Brannan leaned in a little, and his voice became softly suffused with a sense of confidentiality. ‘You won’t be advertising the fact that he was staying here, will you? It wouldn’t be good for business.’

Brodie opened his eyes and felt a wave of fatigue wash over him, as if he had just endured a long, sleepless night. ‘I’m afraid I can’t say what the press will or won’t report in relation to the case, Mr Brannan. I suspect that if his death was the result of natural causes, or an accident, they won’t pay it very much attention at all.’

‘Well, what else would it be?’ Brannan seemed surprised.

‘Until Dr Roy has conducted her post-mortem, nothing can be ruled out, including foul play.’

The hotel proprietor frowned. ‘Murder, you mean?’

Brodie shrugged. He had assumed that this was self-evident.

‘But who would want to murder him?’

‘We don’t know that anyone did. But if he was, then it’ll be my job to find out who killed him and why.’

Brannan stood staring forlornly at his reflection in the window. ‘Never even thought of that. Let’s just hope he fell, or had a heart attack or something. Can’t afford to lose any more business.’ He folded his arms across his chest.

Sita said, ‘With all the snow you get here, you’d think it would be good for winter skiing.’

‘Oh, we have the snow, but not the infrastructure. And too much snow, if the experts are to be believed. Ballachulish A might have brought a lot of business, but it also buried us in bloody snowfall.’

Brodie frowned. ‘How’s that?’

‘So, to cool the reactor they use water from the loch, which then goes back in to recirculate. That raises the overall temperature of the loch, making it warmer in winter than the air. So winter precipitation almost always falls as snow. Kind of like the lake-effect snow they get in North America. The stuff just dumps on us. Metres of it at a time.’ That thought seemed to draw the curtain on his desire to talk to them any further. He said, ‘I’m afraid it’ll be a cold breakfast, unless the power comes back on again overnight.’ He made a tiny bow. ‘Sleep well.’ And he retreated into the dark of the hotel from which he had emerged half an hour earlier.

Brodie let out a long sigh of relief. ‘I thought he’d never go.’

‘Interesting, though,’ Sita said, ‘that it never occurred to him that Mr Younger might have been murdered.’

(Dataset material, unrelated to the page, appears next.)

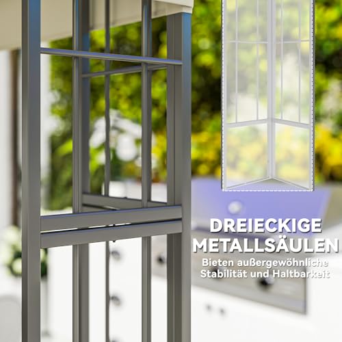 Robuste Metallstruktur: Dieses Gartenpavillon mit vier dreieckigen, pulverbeschichteten Säulen gewährleistet außergewöhnliche Dauerhaftigkeit und Alterungsbeständigkeit

Brodie took a thoughtful sip of his DoubleWood. ‘Well, in truth, it does seem unlikely. I mean, if someone had killed him, they would hardly drag him halfway up a mountain to get rid of the body.’

‘Maybe they killed him up there.’

‘Well, there is that. But, then, you’d have to figure it would have been easier to kill the man before he went up.’

Sita emptied her glass and poured herself another. ‘You?’ She waved the bottle in his direction, and when he nodded, refilled his glass. ‘What was he doing up the mountain anyway?’

‘Hillwalking, apparently.’

‘Ah. A passion, was it?’

‘That’s the odd thing. He was supposed to be on a hillwalking holiday, but from all accounts he’d never been hillwalking in his life.’

‘How did he manage to climb a mountain, then?’

Brodie sucked in more whisky. ‘Binnein Mòr’s not a difficult climb. Anyone could walk it, really. Take the long way round, in good weather, and in August, and you wouldn’t need much experience to reach the summit.’ He paused and ran the rim of his glass thoughtfully back and forth along his lower lip. ‘But the body was found in a north-facing corrie. Coire an dà Loch.’

‘Which means?’

‘Corrie of the Two Lochans. And you wouldn’t venture up that way unless you had considerable experience.’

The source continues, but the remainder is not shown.